Computer Science
How ChatGPT Picks the Next Word
Tokens, transformers, attention, and sampling
Related Tools
Related Labs
Related Worksheets
Related Cheat Sheets
ChatGPT writes by predicting one token at a time, where a token is a small piece of text such as a word, part of a word, or punctuation mark. It does not look up a fixed answer in a database, and it does not truly know what will come next. Instead, it uses patterns learned from huge amounts of text to estimate which tokens are most likely to follow the prompt. This matters because the same next-token process can produce essays, code, explanations, jokes, and mistakes.
Key Facts
- Text is split into tokens before the model processes it, so one word may become one token or several tokens.
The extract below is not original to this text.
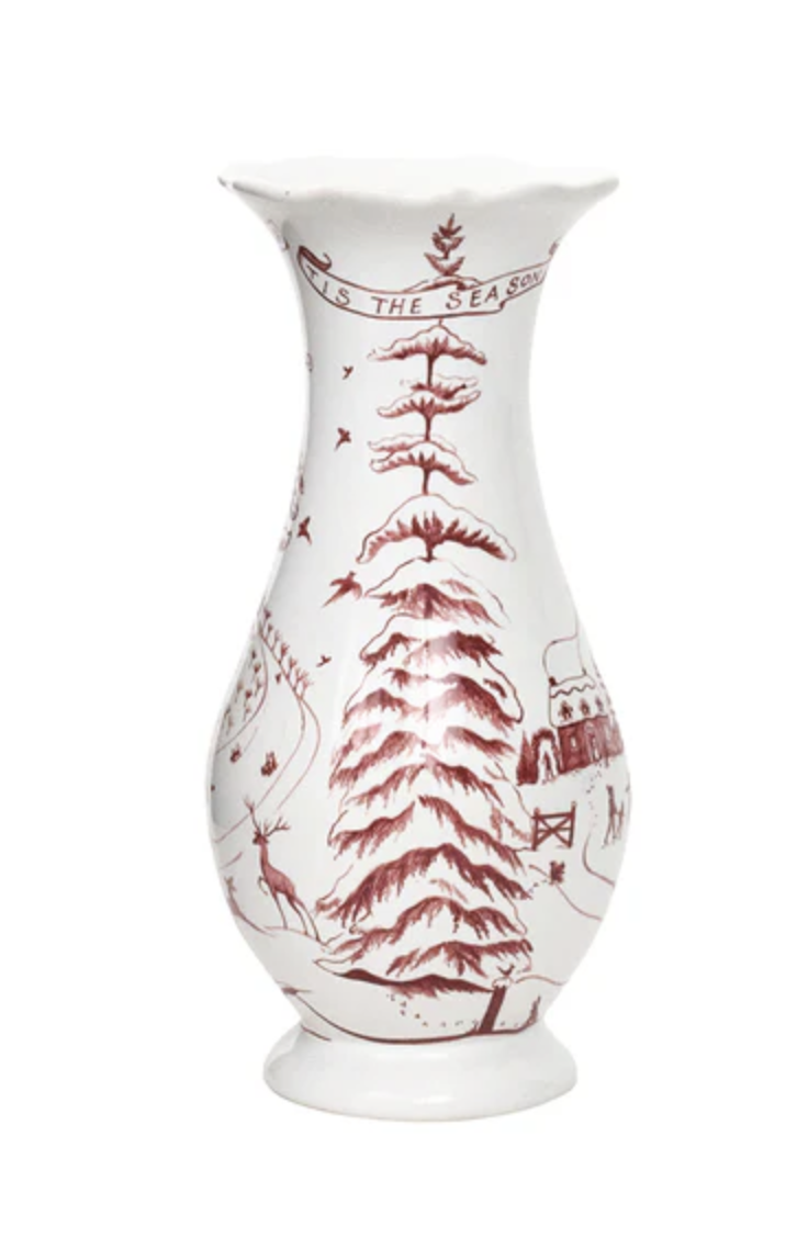 With idyllic snow-filled scenes in our bright ruby red, this tulip-shaped vase is wonderful wherever you place it (we have a penchant for roses and holly on the piano) and makes a perfectly lovely present. Gift boxed.

- Attention lets each token use information from other tokens in the prompt to build context.
- The model outputs a score called a logit for every token in its vocabulary.
- Probabilities are computed from logits using softmax: P(token i) = e^(z_i) / sum(e^(z_j)).
- Temperature changes randomness: higher temperature makes low-probability tokens more likely, while lower temperature makes the top token dominate.
- Training adjusts weights to reduce prediction error, often using cross-entropy loss: L = -log(P(correct token)).
Vocabulary
- Token
- A token is a piece of text, such as a word, word fragment, number, or punctuation mark, that the model processes as one unit.
- Transformer
- A transformer is a neural network design that uses attention to process relationships among tokens in a sequence.
- Attention
- Attention is a method that lets the model decide which earlier tokens are most useful for understanding the current context.
- Probability distribution
- A probability distribution assigns a probability to each possible next token, with all probabilities adding up to 1.
- Temperature
- Temperature is a setting that controls how random or predictable the model's token choices are during generation.
Common Mistakes to Avoid
- Thinking ChatGPT chooses whole sentences at once. It usually generates text step by step by choosing one token, then using the updated text to choose the next token.
- Assuming the highest-probability token is always selected. Sampling settings can allow lower-probability tokens to be chosen, which can make answers more creative but less predictable.
- Believing attention means the model understands like a human. Attention measures useful relationships between tokens, but it is still a mathematical pattern-matching process.
- Ignoring tokenization when counting words. A single word can be split into multiple tokens, so token limits and model costs do not always match word counts.
Practice Questions
- 1 A model assigns next-token probabilities of 0.50 for cat, 0.30 for dog, 0.15 for bird, and 0.05 for fish. What is the probability that it does not choose cat?
- 2 A sentence has 18 words, and each word averages 1.4 tokens. About how many tokens will the model process for that sentence?
- 3 A model gives a fluent but false answer about a science fact. Explain how next-token prediction and training on text patterns can lead to this kind of mistake.